I'd like to know what's the derivative of $f(x,y)=\cos{\sqrt{x^2+y^2}}$ at $(0, 0)$.
WolframAlpha says it is indeterminate.
However, if we apply the definition, we can actually evaluate it to zero:
$$ f_x(0,0) = \lim_{h\to 0} \dfrac{f(h,0) - f(0,0)}{h} = \lim_{h\to0} \dfrac{\cos{|h|}-1}{h} = \lim_{h\to0} \dfrac{\cos{h}-1}{h} = 0 \\ f_y(0,0) = \lim_{k\to 0} \dfrac{f(0,k) - f(0,0)}{k} = \lim_{k\to0} \dfrac{\cos{|k|}-1}{k} = \lim_{k\to0} \dfrac{\cos{k}-1}{k} = 0 $$
Aside question: if Wolfram is wrong, how often it happens in your experience?

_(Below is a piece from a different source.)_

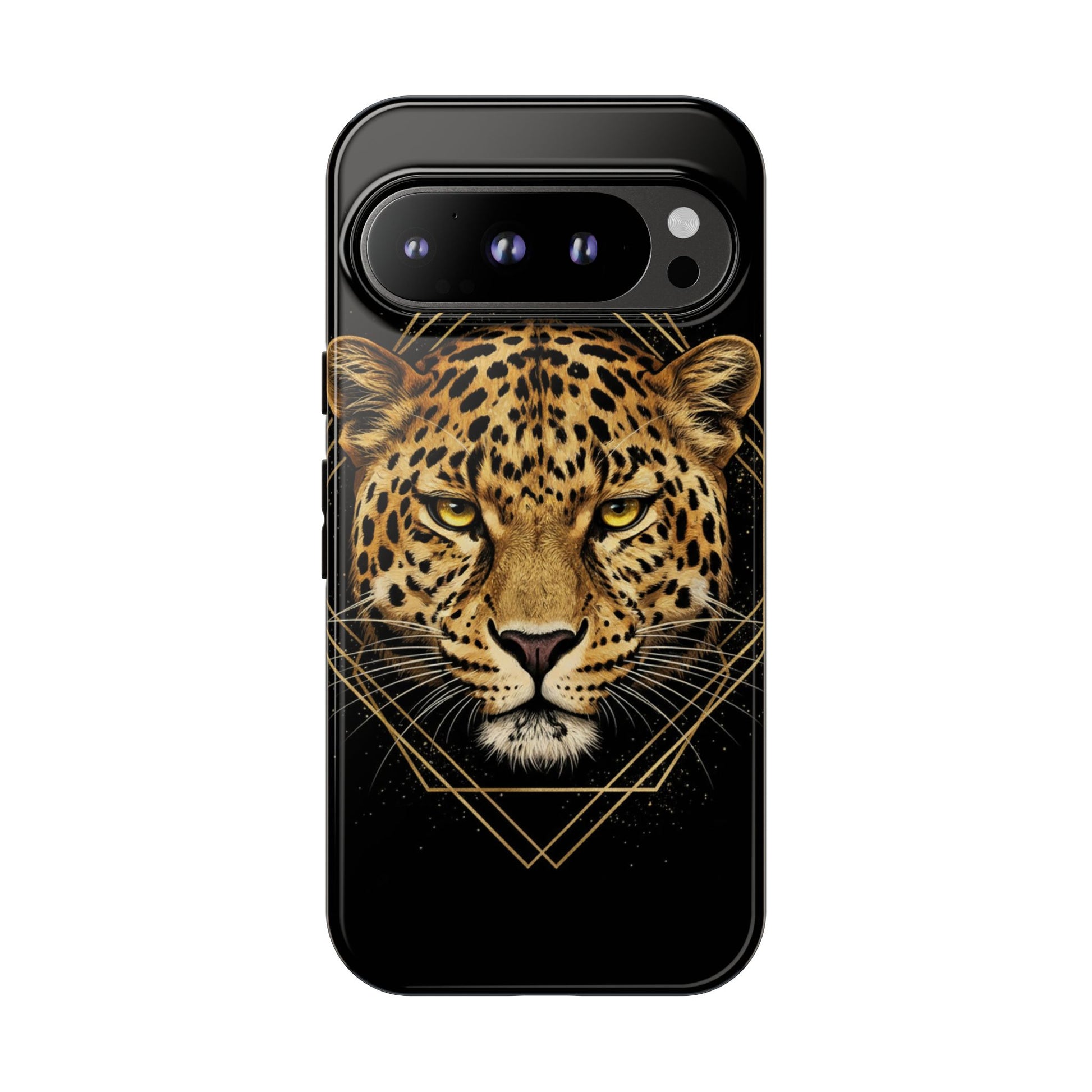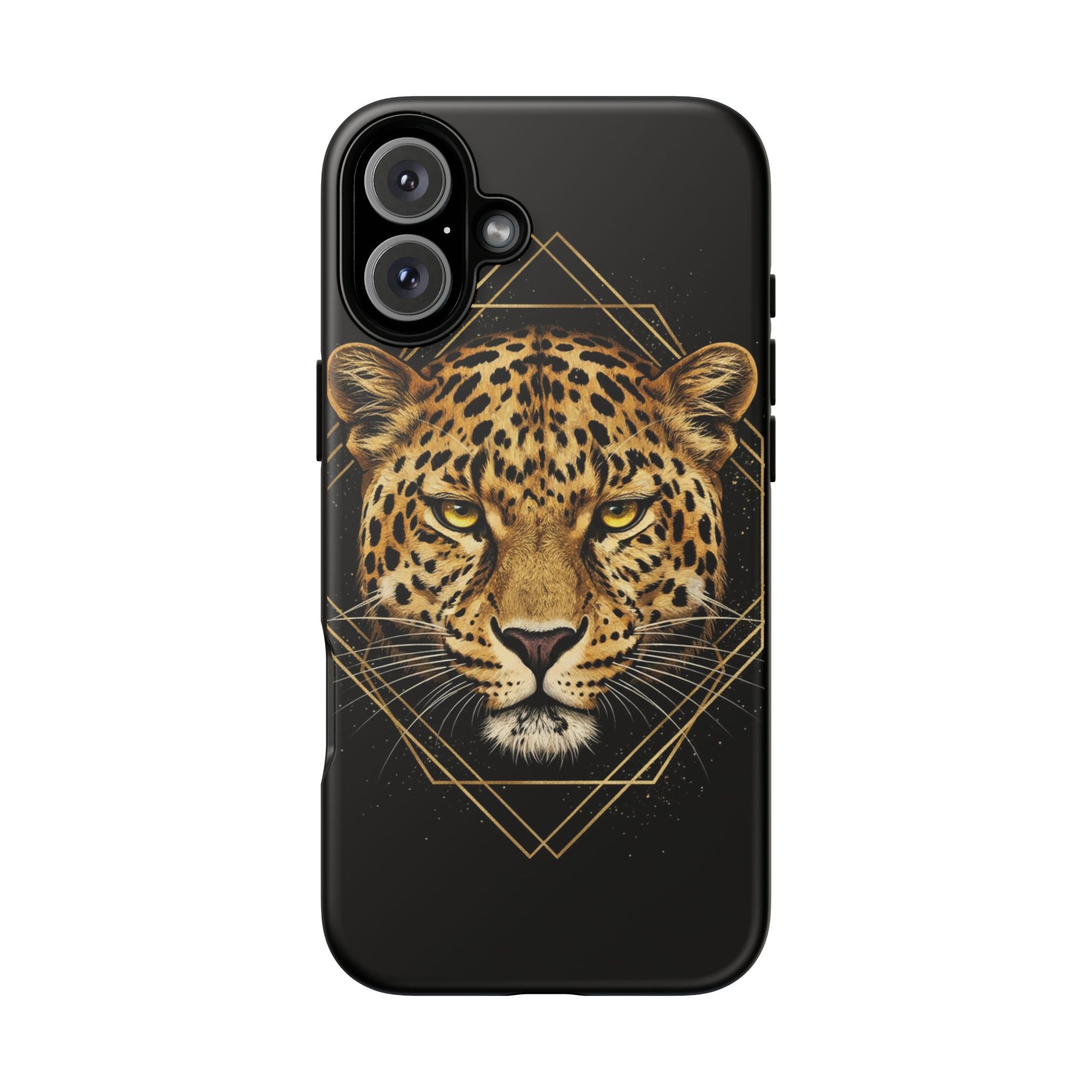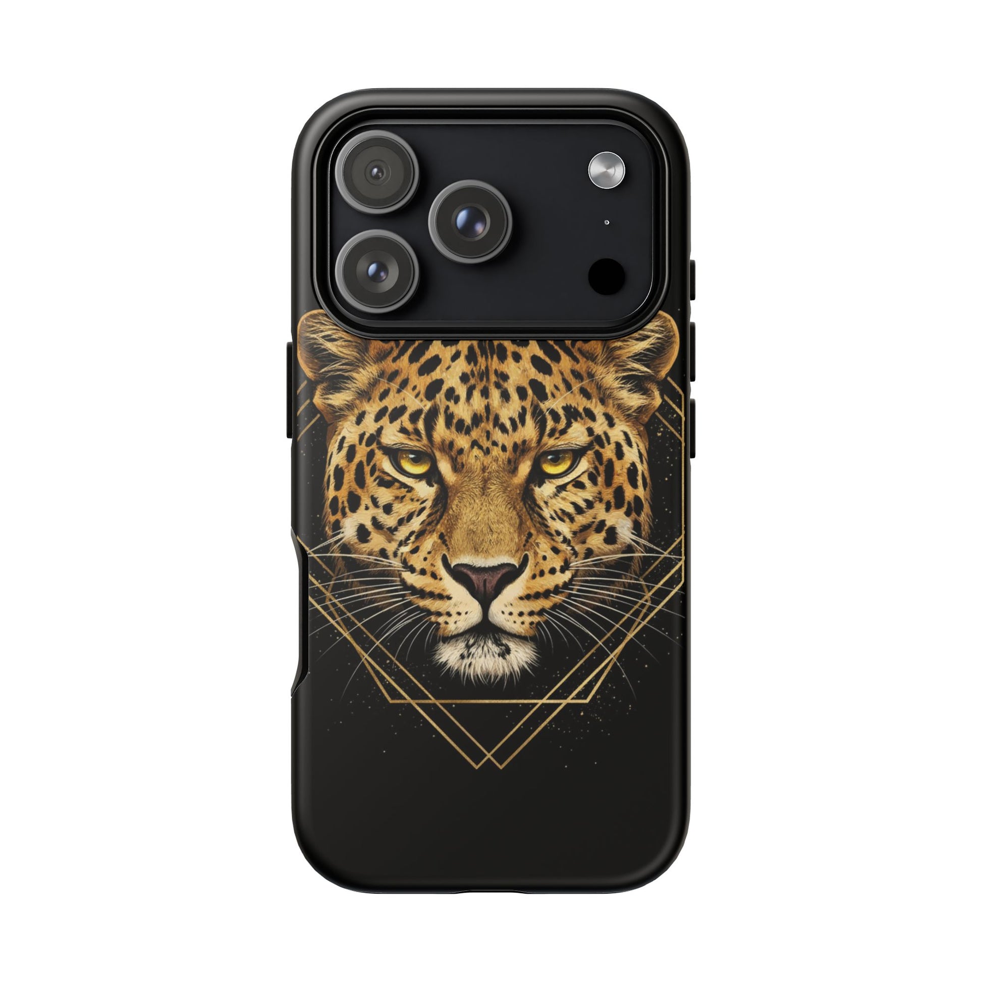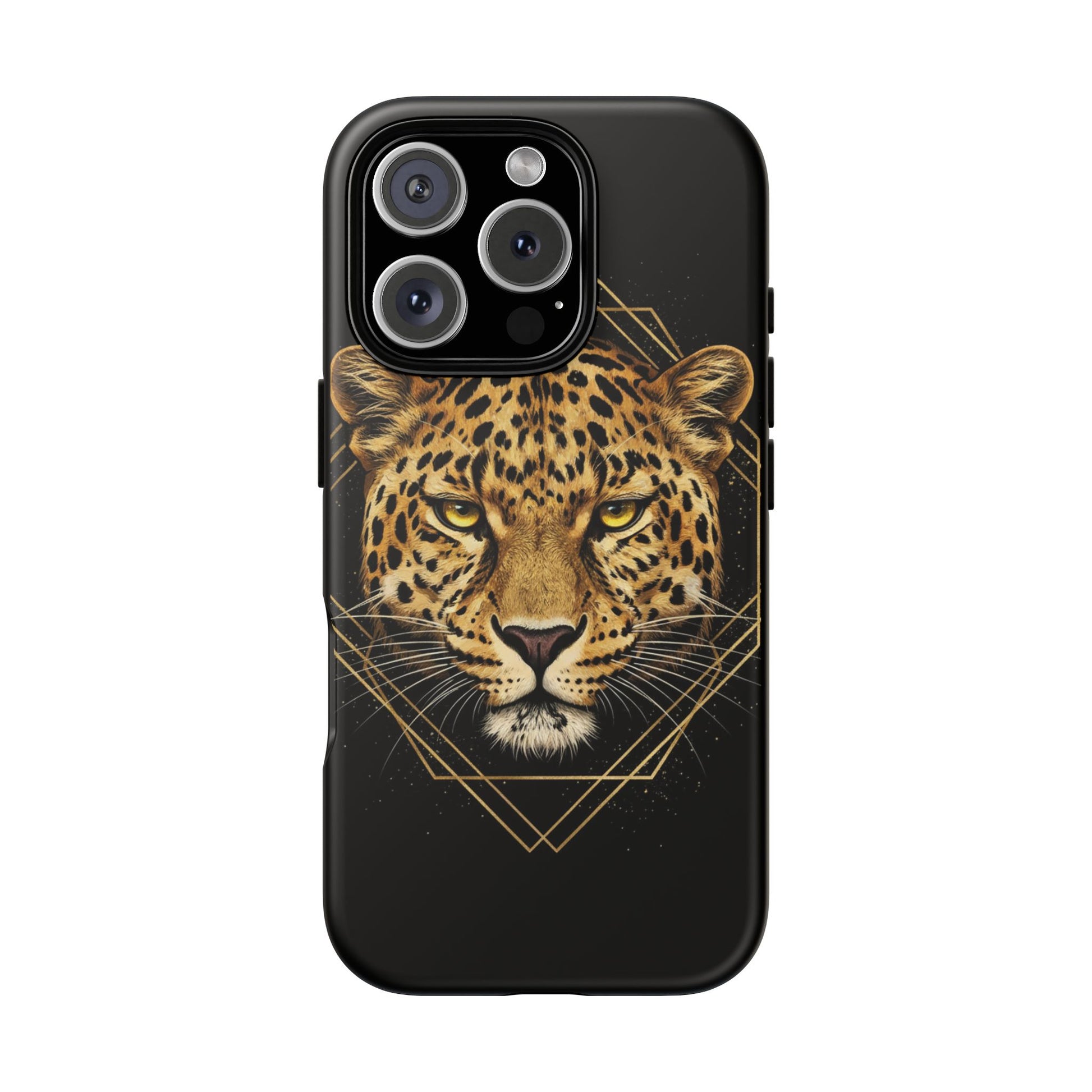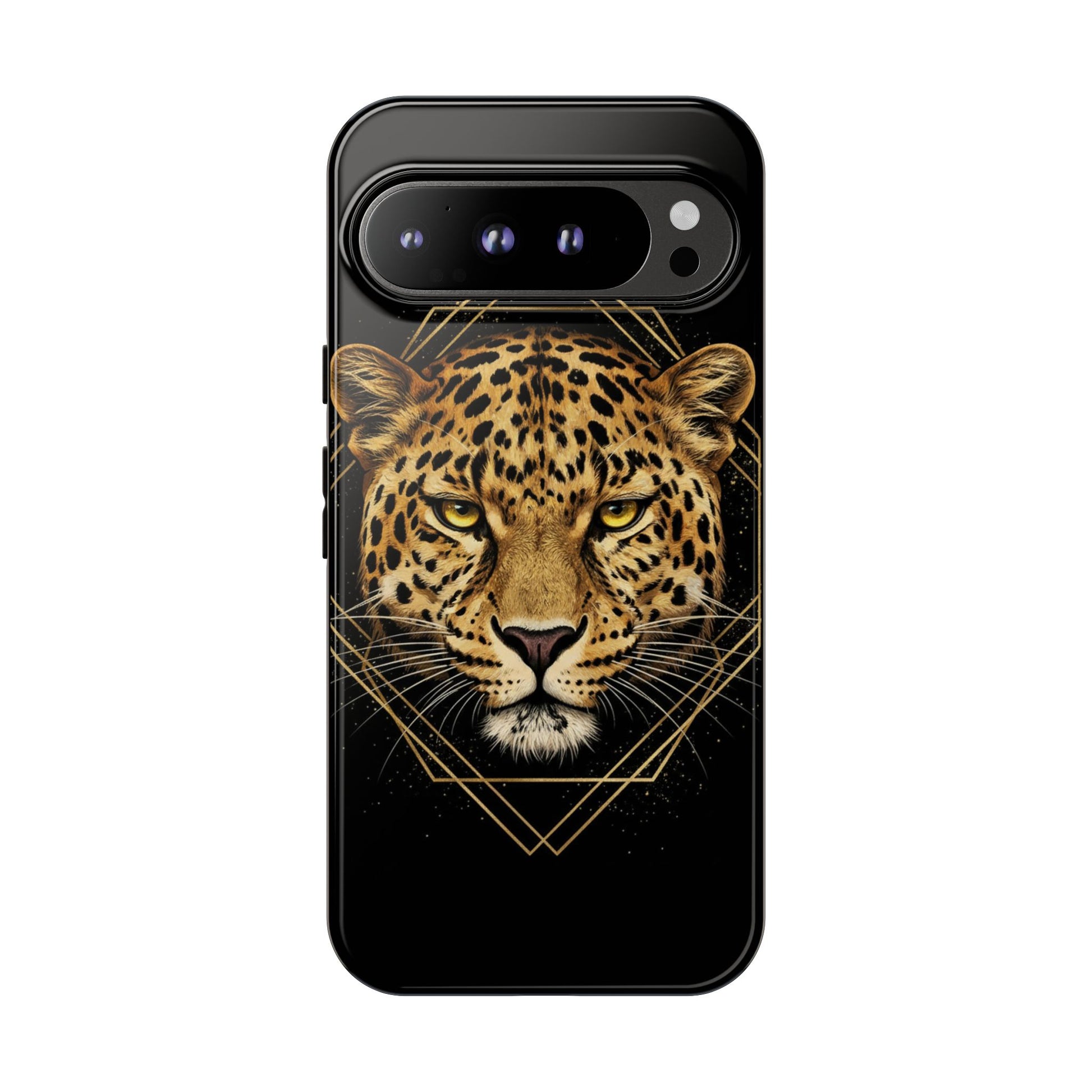 Leopard Head Geometric Phone Case – Black & Gold Luxe Tough Case

Does it ever happen?
Interestingly, this function is not only differentiable at $(0,0)$ (with the official definition), but in fact $C^1$. If one makes the standard mistake (which I've seen instructors make in teaching single-variable calculus) of blithely saying $f'(0)=\lim_{x\to 0} f'(x)$, it does work out nicely here. Note that \begin{align*} \lim_{(x,y)\to (0,0)} \frac{\partial f}{\partial x}(x,y) &= \lim_{(x,y)\to (0,0)} \left(\frac x{\sqrt{x^2+y^2}}\right)\left(-\sin\sqrt{x^2+y^2}\right) \\ &= \lim_{(x,y)\to (0,0)} -x\left(\frac{\sin\sqrt{x^2+y^2}}{\sqrt{x^2+y^2}}\right) = 0\cdot 1 = 0. \end{align*} Nothing whatsoever indeterminate. I think @Dunkelheit's comment is on point. Since I do not use Wolfram ordinarily to answer such questions, I had not previously bumped into this phenomenon.